Retype exactly what appears below from the line containing "The Memorial Site" down to the line containing "23일 첫 방송된 SBS", keeping both end lines. Do not include pictures.

[[ Data shown, beginning ]]

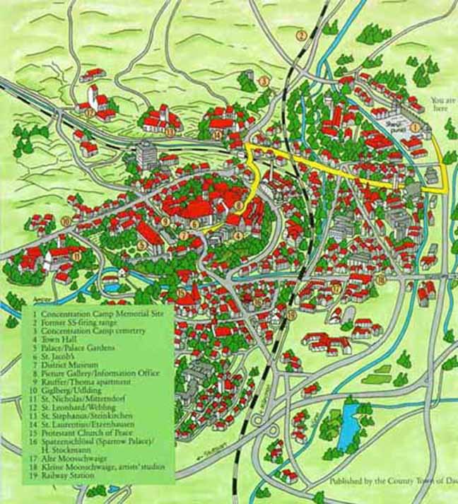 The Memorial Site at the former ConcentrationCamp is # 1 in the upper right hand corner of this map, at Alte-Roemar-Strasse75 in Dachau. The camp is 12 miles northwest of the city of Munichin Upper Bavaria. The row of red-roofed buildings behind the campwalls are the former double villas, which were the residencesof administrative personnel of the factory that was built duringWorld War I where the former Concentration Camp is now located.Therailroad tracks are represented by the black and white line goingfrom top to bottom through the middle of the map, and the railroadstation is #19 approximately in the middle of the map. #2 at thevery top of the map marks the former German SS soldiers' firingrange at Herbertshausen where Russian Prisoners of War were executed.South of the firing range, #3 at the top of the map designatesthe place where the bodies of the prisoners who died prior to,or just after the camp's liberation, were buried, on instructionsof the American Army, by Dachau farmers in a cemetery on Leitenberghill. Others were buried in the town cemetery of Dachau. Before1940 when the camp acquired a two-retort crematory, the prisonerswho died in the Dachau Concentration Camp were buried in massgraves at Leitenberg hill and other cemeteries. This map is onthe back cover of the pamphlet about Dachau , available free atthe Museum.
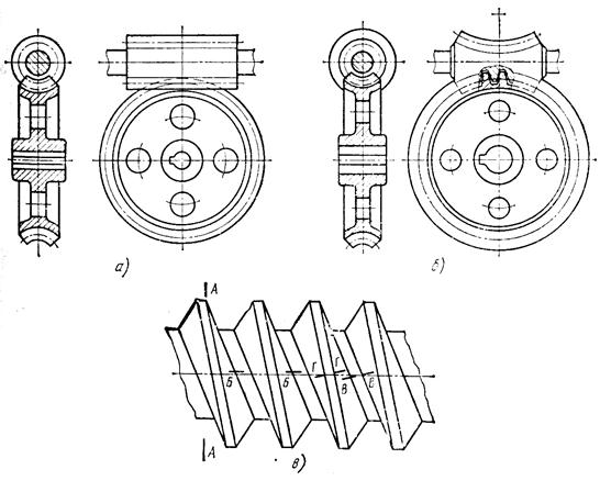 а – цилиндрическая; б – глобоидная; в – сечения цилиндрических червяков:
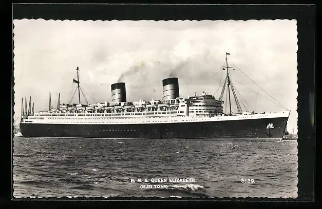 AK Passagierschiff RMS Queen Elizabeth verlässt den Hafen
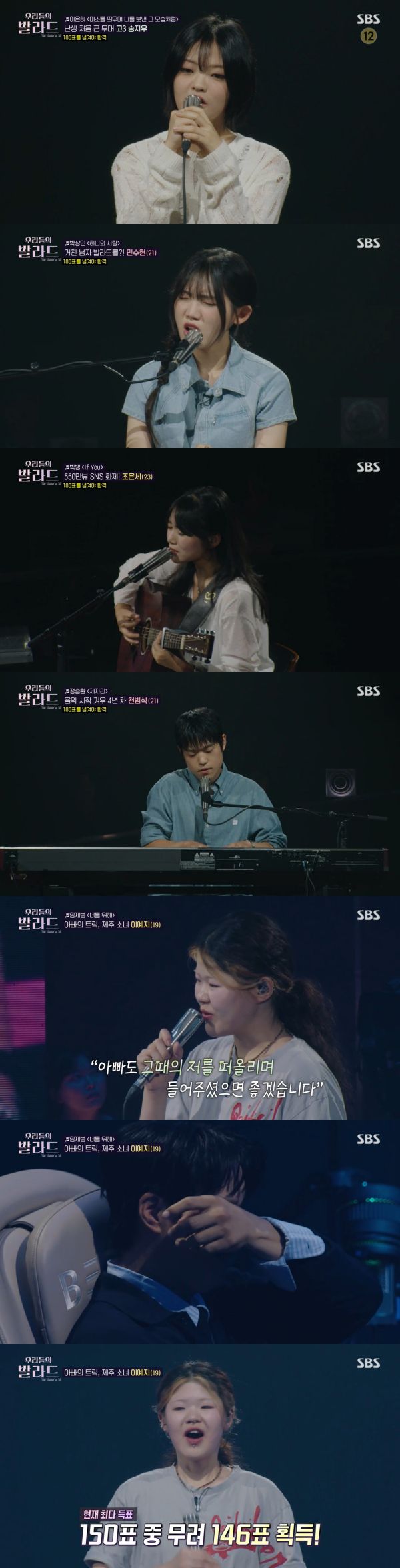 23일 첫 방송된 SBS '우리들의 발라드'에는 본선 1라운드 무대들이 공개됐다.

[[ Data shown, end ]]
[[ Data shown, beginning ]]

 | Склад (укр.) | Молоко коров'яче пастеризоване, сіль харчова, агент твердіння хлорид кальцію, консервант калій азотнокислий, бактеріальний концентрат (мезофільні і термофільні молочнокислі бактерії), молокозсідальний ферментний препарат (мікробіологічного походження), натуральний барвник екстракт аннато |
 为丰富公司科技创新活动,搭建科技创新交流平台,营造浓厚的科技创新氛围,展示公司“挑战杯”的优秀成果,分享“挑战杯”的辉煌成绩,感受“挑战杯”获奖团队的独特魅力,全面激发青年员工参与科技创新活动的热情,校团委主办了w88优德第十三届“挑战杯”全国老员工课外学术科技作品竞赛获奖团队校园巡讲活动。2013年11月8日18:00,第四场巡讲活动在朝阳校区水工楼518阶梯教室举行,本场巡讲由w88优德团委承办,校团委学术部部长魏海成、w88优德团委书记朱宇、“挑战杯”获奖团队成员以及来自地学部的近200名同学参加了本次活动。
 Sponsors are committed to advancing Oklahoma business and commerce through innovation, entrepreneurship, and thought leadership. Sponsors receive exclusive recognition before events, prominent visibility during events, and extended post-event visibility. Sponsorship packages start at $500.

[[ Data shown, end ]]

▶ **Solved exercise**
 The Memorial Site at the former ConcentrationCamp is # 1 in the upper right hand corner of this map, at Alte-Roemar-Strasse75 in Dachau. The camp is 12 miles northwest of the city of Munichin Upper Bavaria. The row of red-roofed buildings behind the campwalls are the former double villas, which were the residencesof administrative personnel of the factory that was built duringWorld War I where the former Concentration Camp is now located.Therailroad tracks are represented by the black and white line goingfrom top to bottom through the middle of the map, and the railroadstation is #19 approximately in the middle of the map. #2 at thevery top of the map marks the former German SS soldiers' firingrange at Herbertshausen where Russian Prisoners of War were executed.South of the firing range, #3 at the top of the map designatesthe place where the bodies of the prisoners who died prior to,or just after the camp's liberation, were buried, on instructionsof the American Army, by Dachau farmers in a cemetery on Leitenberghill. Others were buried in the town cemetery of Dachau. Before1940 when the camp acquired a two-retort crematory, the prisonerswho died in the Dachau Concentration Camp were buried in massgraves at Leitenberg hill and other cemeteries. This map is onthe back cover of the pamphlet about Dachau , available free atthe Museum.
 а – цилиндрическая; б – глобоидная; в – сечения цилиндрических червяков:
 AK Passagierschiff RMS Queen Elizabeth verlässt den Hafen
 23일 첫 방송된 SBS '우리들의 발라드'에는 본선 1라운드 무대들이 공개됐다.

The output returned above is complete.